Your goal: Leaving the images aside, transcribe all the data below exactly.

Stored items from a collection
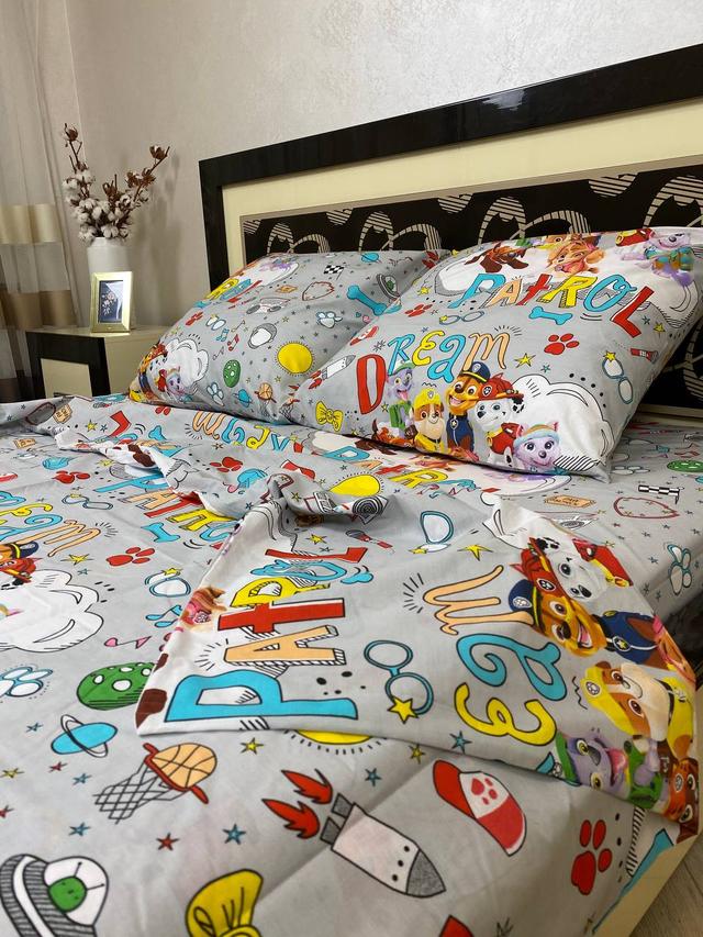 Оформіть інтер'єр спального простору вашого малюка в веселі та затишні відтінки з дитячою постільним білизною з улюбленими мультяшними героями з Патруля. Яскраві кольори та веселі персонажі створять казкову атмосферу, в якій ваш малятко буде захоплено засинати.
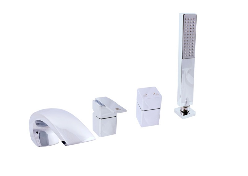 Vodovodné batérie vaňová stojánková štvorotvorová s keramickým prepínačom, samonavíjacie 2m hadicou a sprchou.
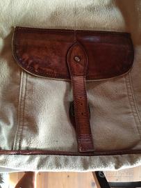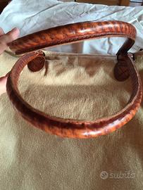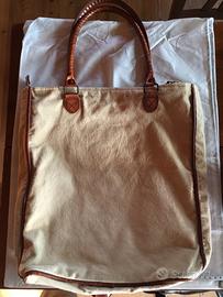 borsa in tela con rifiniture in similpelle, come nuova interno in tessuto a righe
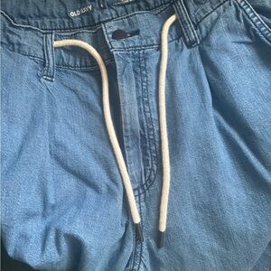 Comfortable blue denim wide leg jeans with drawstring waist. Ideal for relaxed style or dress.
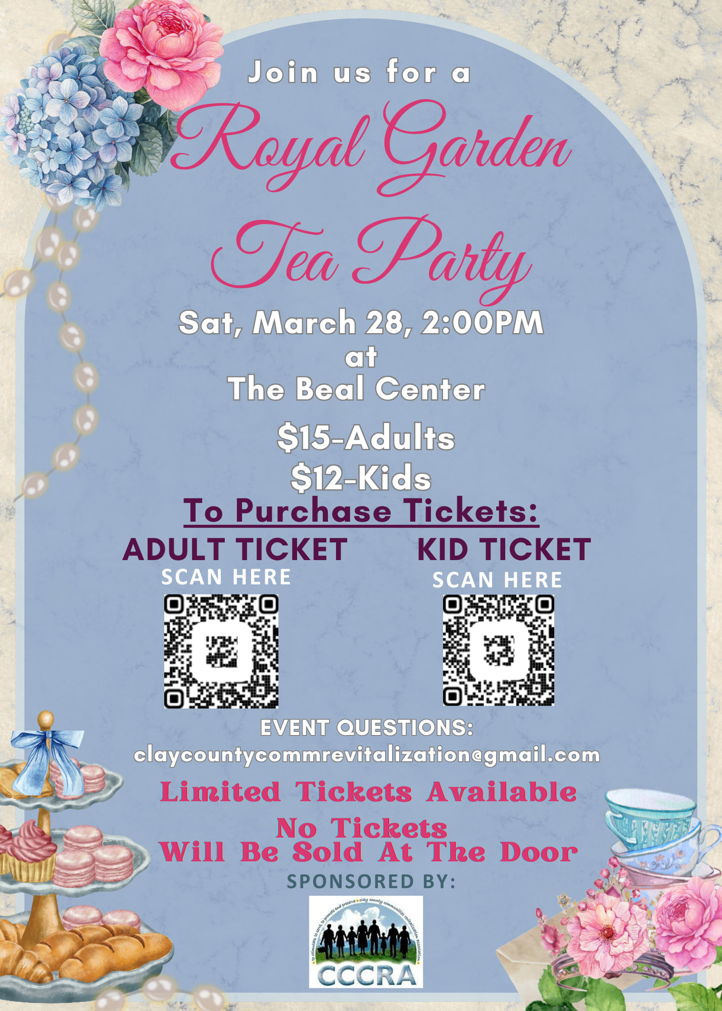 You’re Invited to a Royal Tea Party! CCCRA is thrilled to host this year's Royal Tea Party at The Beal Center. MARCH 28th, 2:00 PM The Beal Center 25 Herbert Street Hayesville, NC 28904 Enjoy a magical afternoon filled with tea-time treats, delightful sweets, princesses and princes, and royal fun for all ages. All guests are encouraged to dress in their finest royal attire—but it’s not required! We can’t wait to welcome you for an afternoon fit for royalty! Click the links below or scan the QR code on the invite. Adults: $15: Click Here to Purchase: https://square.link/u/oGUz2hWn Children: $12: Click Here to Purchase: https://square.link/u/OoXhEXj0 LIMITED TICKETS AVAILABLE DUE TO SPACE NO TICKETS SOLD AT DOOR! Event Or Ticket Questions: Claycountycommrevitalization@gmail.com

Response box:
 Оформіть інтер'єр спального простору вашого малюка в веселі та затишні відтінки з дитячою постільним білизною з улюбленими мультяшними героями з Патруля. Яскраві кольори та веселі персонажі створять казкову атмосферу, в якій ваш малятко буде захоплено засинати.
 Vodovodné batérie vaňová stojánková štvorotvorová s keramickým prepínačom, samonavíjacie 2m hadicou a sprchou.
 borsa in tela con rifiniture in similpelle, come nuova interno in tessuto a righe
 Comfortable blue denim wide leg jeans with drawstring waist. Ideal for relaxed style or dress.
 You’re Invited to a Royal Tea Party! CCCRA is thrilled to host this year's Royal Tea Party at The Beal Center. MARCH 28th, 2:00 PM The Beal Center 25 Herbert Street Hayesville, NC 28904 Enjoy a magical afternoon filled with tea-time treats, delightful sweets, princesses and princes, and royal fun for all ages. All guests are encouraged to dress in their finest royal attire—but it’s not required! We can’t wait to welcome you for an afternoon fit for royalty! Click the links below or scan the QR code on the invite. Adults: $15: Click Here to Purchase: https://square.link/u/oGUz2hWn Children: $12: Click Here to Purchase: https://square.link/u/OoXhEXj0 LIMITED TICKETS AVAILABLE DUE TO SPACE NO TICKETS SOLD AT DOOR! Event Or Ticket Questions: Claycountycommrevitalization@gmail.com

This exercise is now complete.